🖖 Hand Gesture Recognition

Code Availability

📚 Problem Definition

The problem is to recognize sign-language hand gestures from a video stream. This is useful because it can be used to create human computer interfaces that are more accessible to people with hearing disabilities. My analysis assumes that the background is relatively static and that the hand is the only moving object in the video stream.

Some difficulties that I anticipate are:

The hand can be in different orientations and positions in the video stream.
The hand can be in different lighting conditions.
The hand can be occluded by other objects in the video stream.
The hand can be in motion.

The gestures are defined as follows:

One: The thumb is extended and the other fingers are closed.
Two: The thumb and the index finger are extended and the other fingers are closed.
Three: The thumb, index finger, and middle finger are extended and the other fingers are closed.
Four: The thumb, index finger, middle finger, and ring finger are extended and the little finger is closed.
Five: All fingers are extended.

🛠️ Method and Implementation

Classical Computer Vision Algorithms

I use binary image analysis followed by max contour detection for the segmentation of the hand.

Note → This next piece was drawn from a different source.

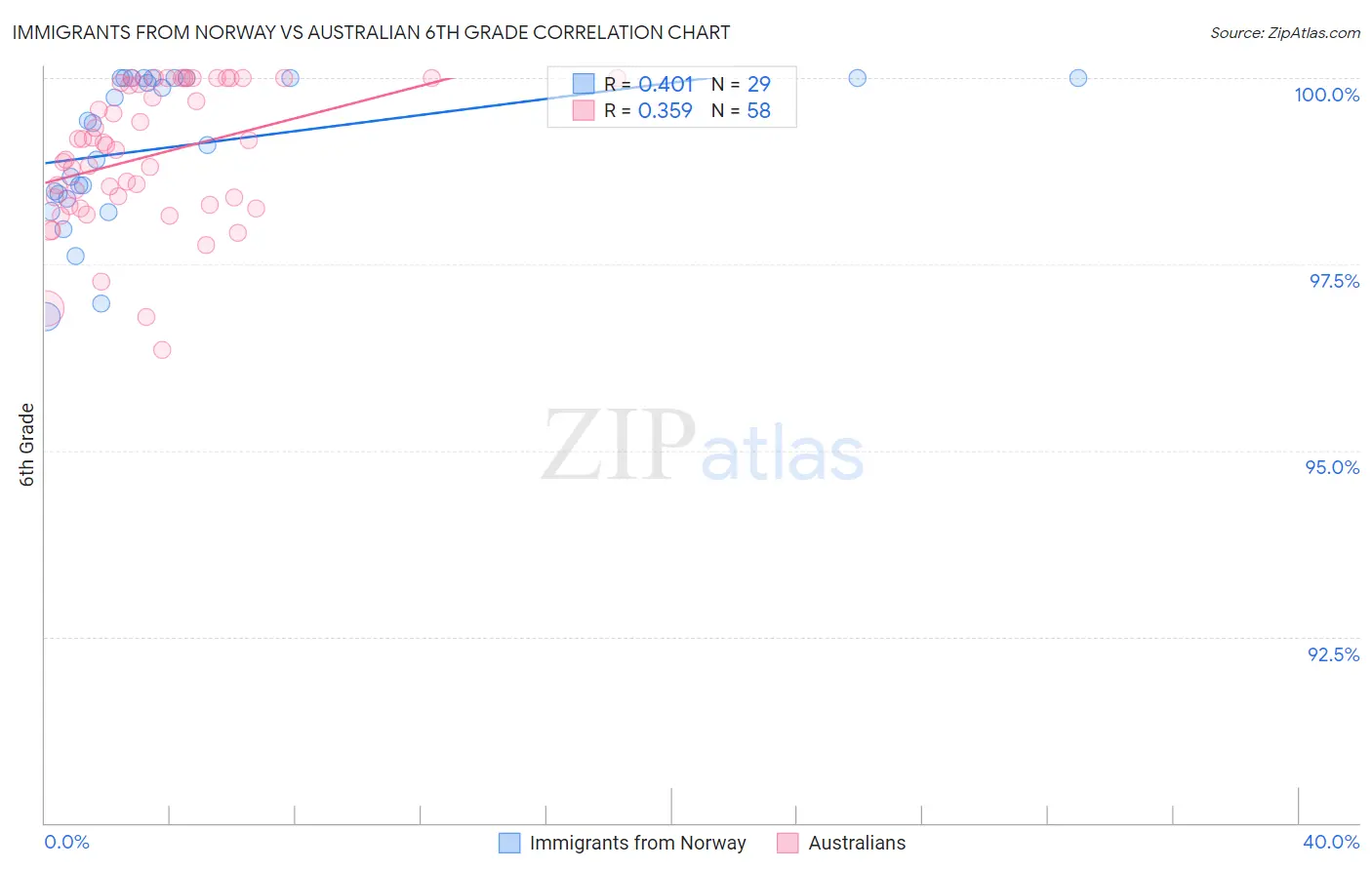 Immigrants from Norway vs Australian 6th Grade Correlation Chart

I also use template matching (with templates augmented via different scales and rotations to capture possible scales and orientations of the hand) with the maximum normalized correlation coefficient for classifying the hand movement as the digit 1, 2, 3, 4, or 5. More detailed analysis of the algorithms used is provided below.

Binary Image Conversion Using Skin Color

By utilizing thresholding of RGB, HSV, and YCRB color profiles utilizing a combination of bitwise AND along with bitwise OR operators (which can be seen in the color_model_binary_image_conversion function I created here in my code) of an image as described in this paper, I was able to segment skin in an image with high accuracy. Using this mask, I was able to convert the original image to a binary image where the skin is black and the background is white. This binary image is then used for contour detection and template matching in the following steps.

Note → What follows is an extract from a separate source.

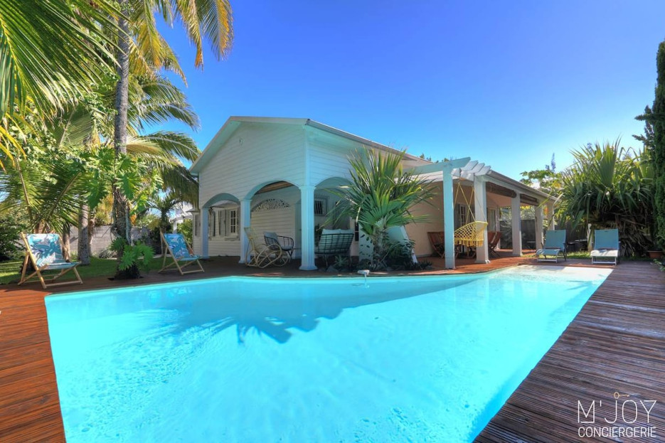 Cette jolie villa de charme créole réunit tous les ingrédients pour des vacances parfaites : soleil toute l’année, piscine, magnifique jardin, le tout à 100m du superbe lagon et à proximité des commerces.
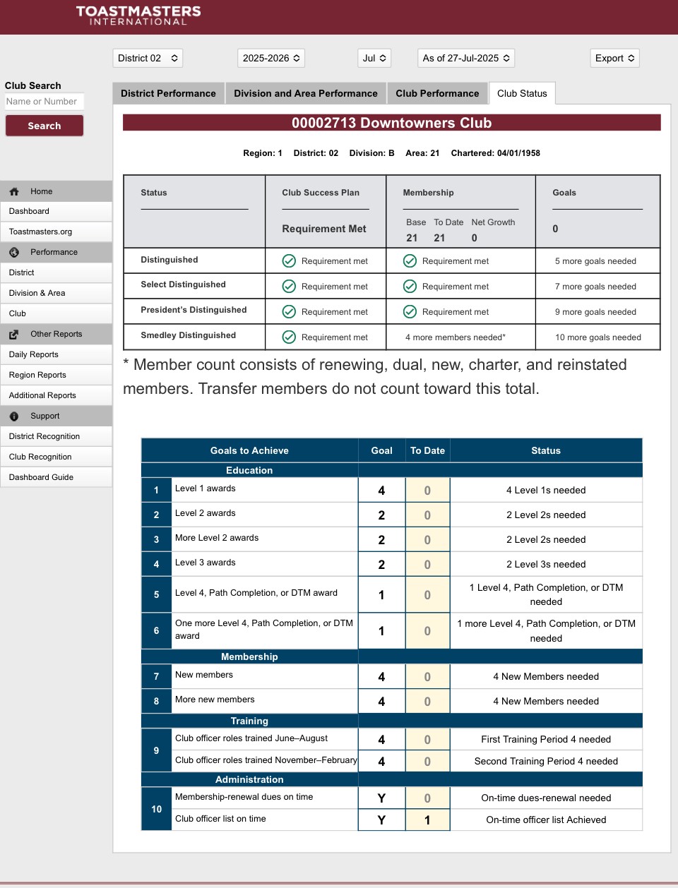 As our District transitions through an important realignment this month, we want to keep you in the loop about what this means for you and your club. Between July 1 and July 28, World Headquarters will be completing tasks that impact club bases, membership records, and Distinguished programs.

Contour Detection for Hand Segmentation

After converting the image to a binary format, the next step is to segment the hand from the background. This is achieved through contour detection, a process used to find the outlines of objects within binary images. The algorithm I employ for this purpose is based on the principle of finding continuous curves that delineate object boundaries in an image. The specific steps are as follows:

Find Contours: Utilize OpenCV’s findContours function, which implements the Suzuki85 algorithm, to detect the contours in the binary image. This function returns a list of contours found, with each contour represented as a vector of points.
Select Max Contour: Among all detected contours, the one with the maximum area is considered to represent the hand. This is based on the assumption that the hand is the largest skin-colored object in the image. The area of a contour is calculated using OpenCV’s contourArea function.
Draw/Use Contour: The maximal contour is then used either to create a mask for the hand or to extract the hand’s outline for further processing. This step is crucial for isolating the hand from the rest of the image, ensuring that subsequent steps operate solely on the hand region.

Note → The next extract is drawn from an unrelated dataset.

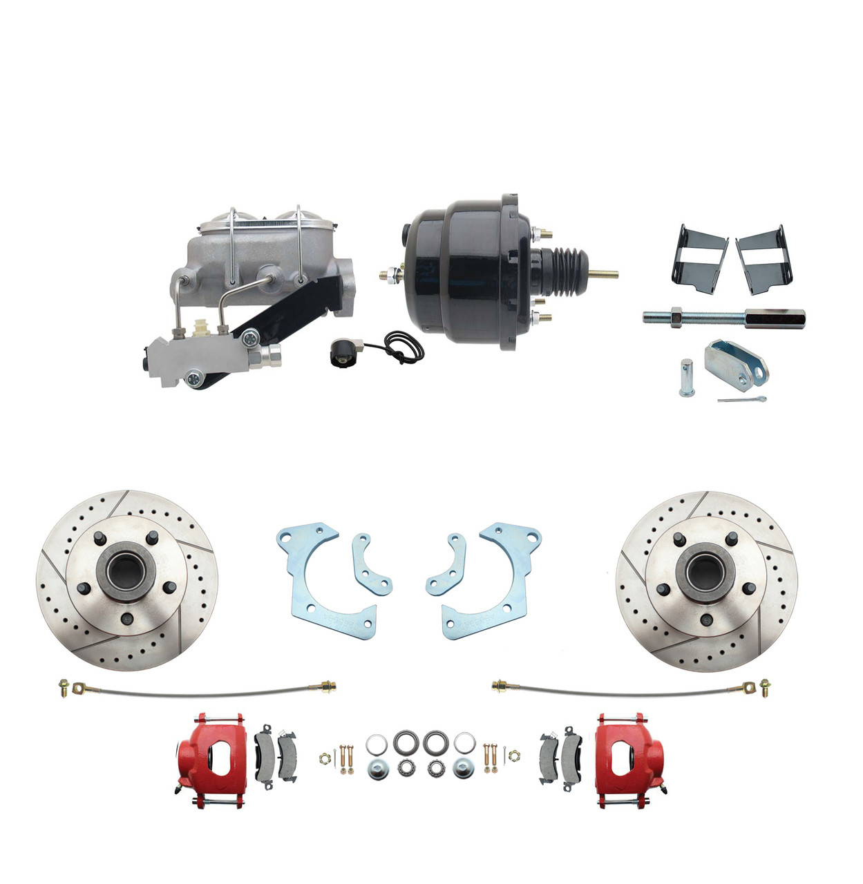 DBK6568LXR-GMFS3-709 - 1965-1968 GM Full Size Front Disc Brake Kit Red Powder Coated Calipers Drilled/Slotted Rotors (Impala, Bel Air, Biscayne) & 8" Dual Powder Coated Black Booster Conversion Kit w/ Aluminum Master Cylinder Left Mount Disc/ Drum P

Mathematically, contour detection can be seen as the process of identifying the boundaries $C$ of a region $R$ in the binary image where $C = \partial R$ . The Suzuki85 algorithm efficiently traces these boundaries by examining the connectivity of edge pixels in the image.

Template Matching for Sign Language Digit Classification

Template matching is a technique in computer vision used for finding areas of an image that match a template image. In the context of classifying hand movements as digits 1 through 5, I leverage template matching to compare the segmented hand region against a set of pre-defined templates corresponding to each digit. The process involves:

Template Preparation: Generate a set of template images for each digit (1-5), capturing various scales and orientations to account for different hand sizes and positions. This augmentation ensures a comprehensive set of references for matching.

Normalized Correlation Coefficient: For each template, calculate the match with the segmented hand using the normalized correlation coefficient. This metric measures the similarity between the template and portions of the target image, with a range from -1 (no match) to 1 (perfect match). Mathematically, it is defined as:

\begin{align*} &\text{NCC}(T, I) = \frac{\sum_{x,y} [T(x,y) - \bar{T}][I(x,y) - \bar{I}]}{\sqrt{\sum_{x,y} [T(x,y) - \bar{T}]^2 \sum_{x,y} [I(x,y) - \bar{I}]^2}} \\ &\text{where } T \text{ is the template, }\\ &I \text{ is the image under examination, and }\\ &\bar{T}, \bar{I} \text{ are the mean values of } T \text{ and } I \text{ respectively.} \end{align*}

Matching and Classification: For each digit’s set of templates, compute the NCC across the hand region. The digit whose template yields the highest NCC is determined to be the hand’s sign. This approach effectively classifies the hand gesture by finding the most similar template in terms of shape and orientation.

By employing these algorithms, the system can segment the hand from the background and classify its gesture into one of the five digits, using the principles of binary image analysis, contour detection, and template matching.

🔬 Experiments

I conducted the following experiments to evaluate the performance of the hand gesture recognition system and logged the results in the ./experiments directory with hydra configuration files. See more details about this in the usage section of the README.

Different Region of Interest (ROI) Sizes

I experimented with different regions of interest (ROI) to evaluate the performance of the hand gesture recognition system. The ROI is defined as the location in each frame where the processing happens (visually depicted by a green rectangle in my GUI). Intuitively, I saw the best performance when the ROI was centered around the hand. I decided to use an ROI width and height of 640 pixels and 790 pixels respectively. This is because using the full frame as the ROI would skew the results of the segmentation of the hand as the background would be included in the processing. Another practical implication is that the user can move their face outside of the ROI and not have it interfere with the processing of the hand gesture recognition system. Finally, the implementation of an ROI allows for a more intuitive and user-friendly experience for the user as they can see where the processing is happening.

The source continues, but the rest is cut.